I know the feeling. Its a good thing my mouth cannot write checks my but cannot cash.


----------



## Garboman (Jul 22, 2010)

I am too proud to let any smaller older guy outcast me when drum fishing. If it were to happen, and it has not happened yet but I would likely be forced into a drinking binge.

If a smaller older guy out catches and out casts me, I am definitely going into a drinking binge

Come to think of it, I have gone on a drinking binge when a younger, taller and better caster out-caught me....perhaps there is a trend here.......


----------



## dsurf (Aug 5, 2003)

Hip power with proper timing on the turn is critical......perhaps more important than arm/leg strength per se.....the exceptional distance folks, both small and large, have this down to a near science. Of course they all have to work together.....we've all seen folks who put lots of arm into the cast.....but if the hips aren't heavily involved, cast will suffer......watch how Tommy Farmer uses his hips.


----------



## Ronald H Levine (Jul 9, 2016)

No surf casting experience yet (just getting into it with a good start on just buying equipment), but I'll share my insights. I agree and also suspect the hips have a lot to do with a good distance cast. From my martial arts, that's certainty true for developing speed and putting energy into the movement and each muscle movement that can contribute to the total of the casting movements adds velocity the same as with karate or sticks or swords. In bicycling, imagine the contrast between just pushing down on the pedals compared to a racer clipped in and pushing forward, down, back and up or essentially pushing tangent to the crank arm all the way around the circle the pedal travels. All muscles of the major muscle groups contribute, so it's not just pushing down. It might seem simple because the pedals can only move around the bottom bracket in a perfect circle no matter how uneven and inefficiently muscle exertion is applied. I learned to do it very efficiency and have the advantage of outperforming athletes of superior fitness. Technique is key. I'm trying to visualize it for casting. I've read books, watched YouTube videos and soon will practice cast with practice weights so when I eventually get time to travel from Utah on a vacation to a coast, I'll be productive with casts. I plan to use a surf fishing style of casting and retrieving lures rather than bait and wait and I might not even have a rod holder, so it will be athletic fishing as intended. I'm a bicycle racer and will also cover a lot of coast by walking it. Regarding the weightlifting, the bodybuilder types don't come close to being competitive in bicycle racing. I suspect aerobic fitness and karate will give me distance casting advantages. We'll see. I'll post what I learn.
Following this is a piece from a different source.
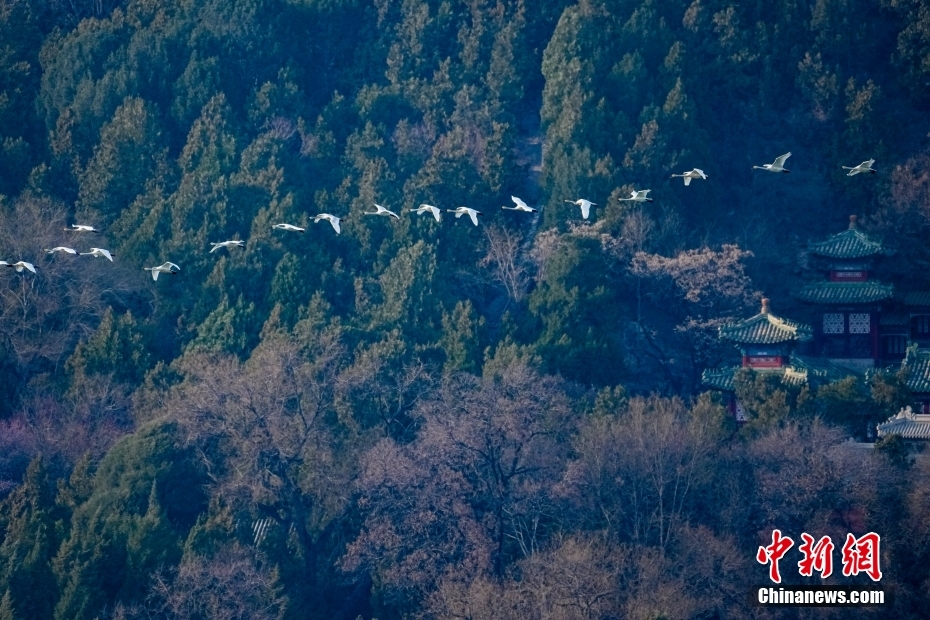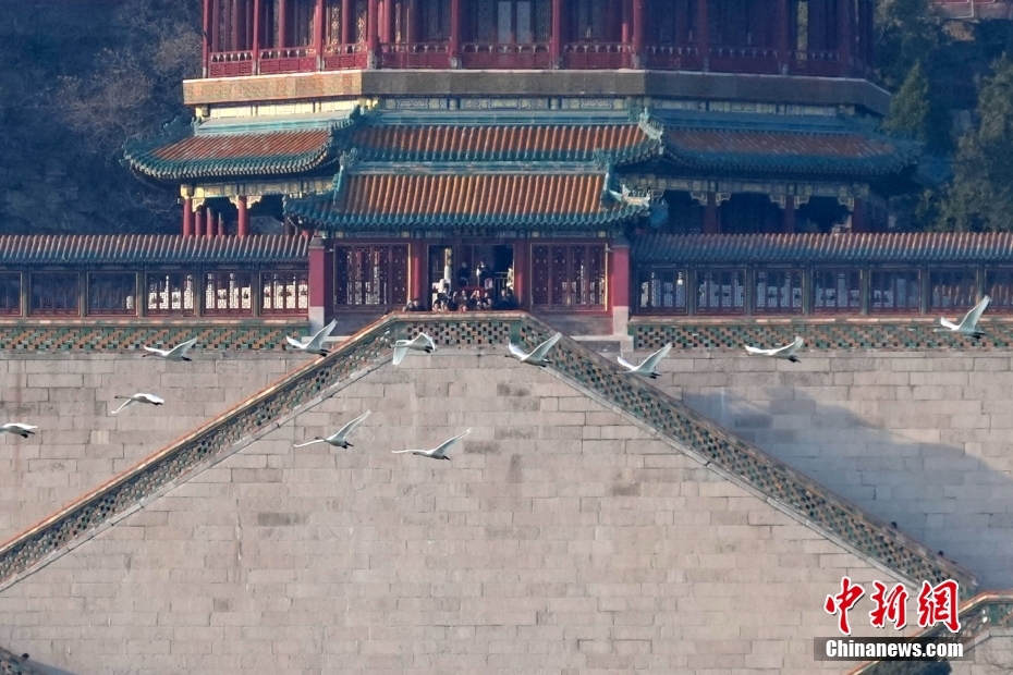 3月14日下午,19只白天鵝在北京頤和園昆明湖上空翩翩起舞。冬去春來,在南方過冬的白天鵝陸續(xù)向北遷徙。3月以來,已有多批北歸的白天鵝在頤和園昆明湖“歇腳”,時而在空中飛舞,吸引眾多攝影愛好者和游客前來觀賞拍照。圖為白天鵝掠過頤和園佛香閣。中新社記者 張煒 攝

Till then, I'd greatly appreciate recommendations on what I should study because I believe the mind is a powerful component of producing a good cast distance.


----------



## BPReeds (Jan 11, 2013)

well...I'm trying to recover from shoulder tendentious......I though I had the right form...watched all the videos....have a good book from a casting pro....now to even have a shot at the upcoming fishing season I will have to modify my cast to less arm extension.....it sucks......I believe I injured my right shoulder by dropping my right arm down to low, like a side arm pitcher.....be careful with that....one guy pointed out its safer to use a javlin throwing form......


----------



## pods (Sep 10, 2013)

If you have your technique down, then having more power behind the cast will help you accelerate.
I would work on your whole kinetic chain by doing the big compound movements.
Squats would be my first recommendation, deadlifts second.
They are great for all around fitness as well.


----------



## Tercules (Sep 13, 2010)

17-year veteran of the personal training field here.

If I made it my objective to IMPROVE MY SURF CASTING PERFORMANCE, I would allocate my time to this endeavor as follows:

1) Joint mobility drills to enhance range of motion in in the hip/spine/shoulder girdle regions. This would be practiced daily. Emphasis would be on movements in the transverse plane (rotational patterns). *Note that this is NOT static stretching/doing a few toe touches then going about your day!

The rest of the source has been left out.